PROVIDED MATERIAL:

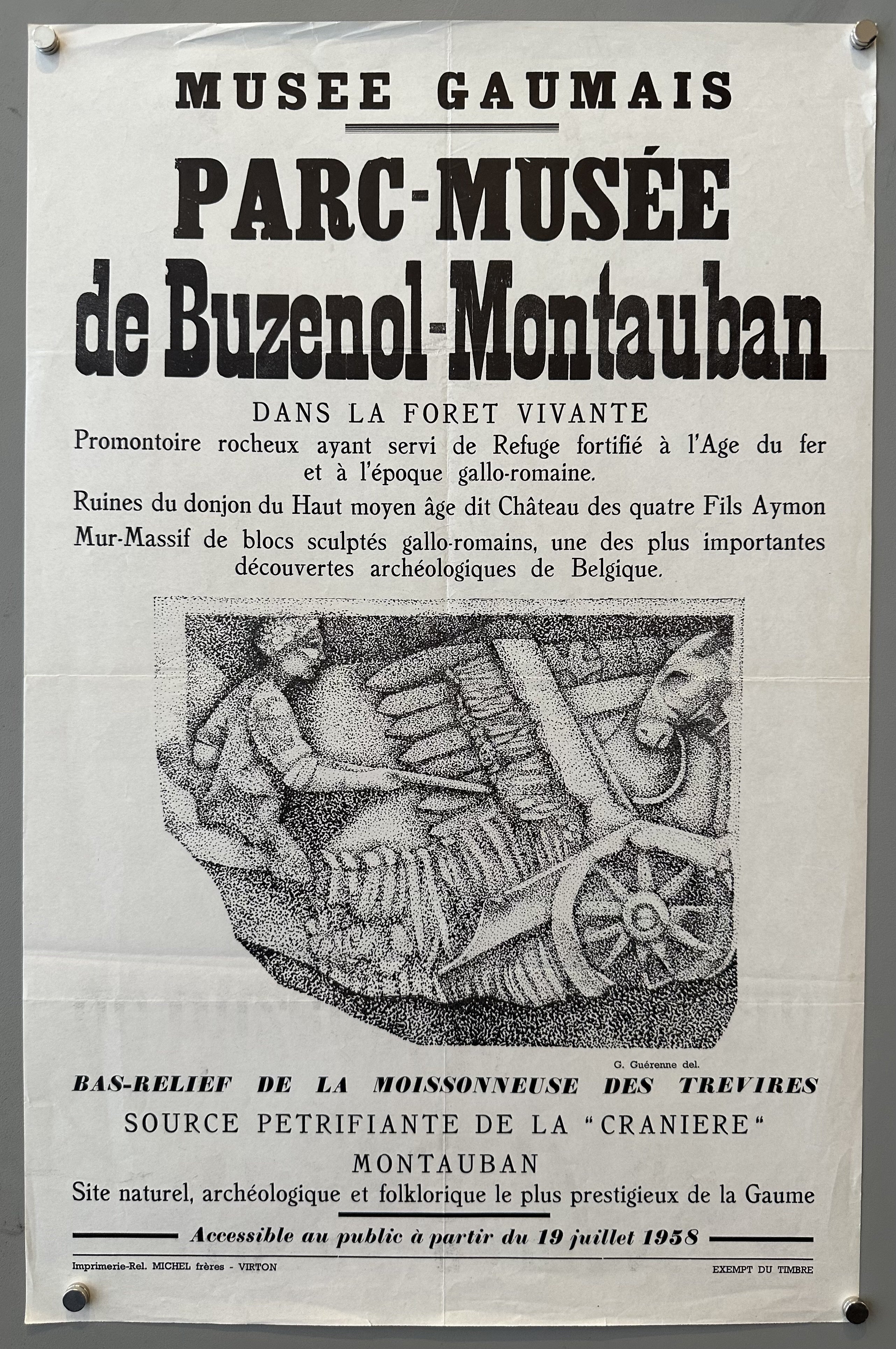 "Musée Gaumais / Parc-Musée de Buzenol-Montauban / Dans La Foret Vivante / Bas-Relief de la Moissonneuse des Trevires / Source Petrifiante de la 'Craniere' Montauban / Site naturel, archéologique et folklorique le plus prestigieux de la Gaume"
--
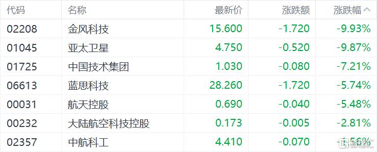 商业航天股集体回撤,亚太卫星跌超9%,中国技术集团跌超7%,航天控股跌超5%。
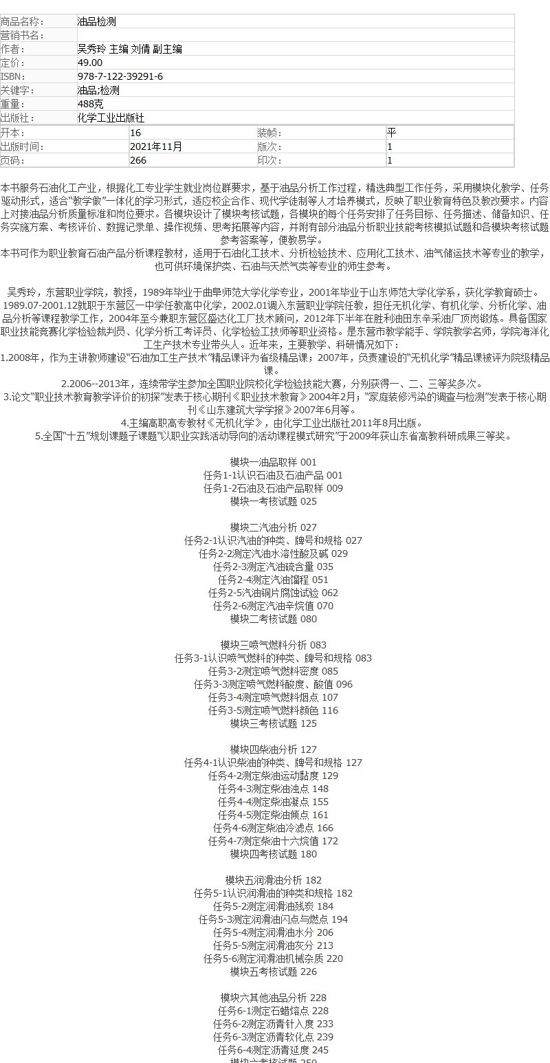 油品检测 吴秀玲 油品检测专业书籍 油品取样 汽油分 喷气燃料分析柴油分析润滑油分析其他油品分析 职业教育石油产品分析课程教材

WHAT YOU ARE ASKED TO DO: Within the listing above, write out the stretch from the line with "商业航天股集体回撤,亚太卫星跌超9%,中国技术集团跌超7%,航天控股跌超5%。" through the line with "油品检测 吴秀玲 油品检测专业书籍" exactly. Any pictures are to be left out.

SOLUTION FOR THIS PROBLEM:
 商业航天股集体回撤,亚太卫星跌超9%,中国技术集团跌超7%,航天控股跌超5%。
 油品检测 吴秀玲 油品检测专业书籍 油品取样 汽油分 喷气燃料分析柴油分析润滑油分析其他油品分析 职业教育石油产品分析课程教材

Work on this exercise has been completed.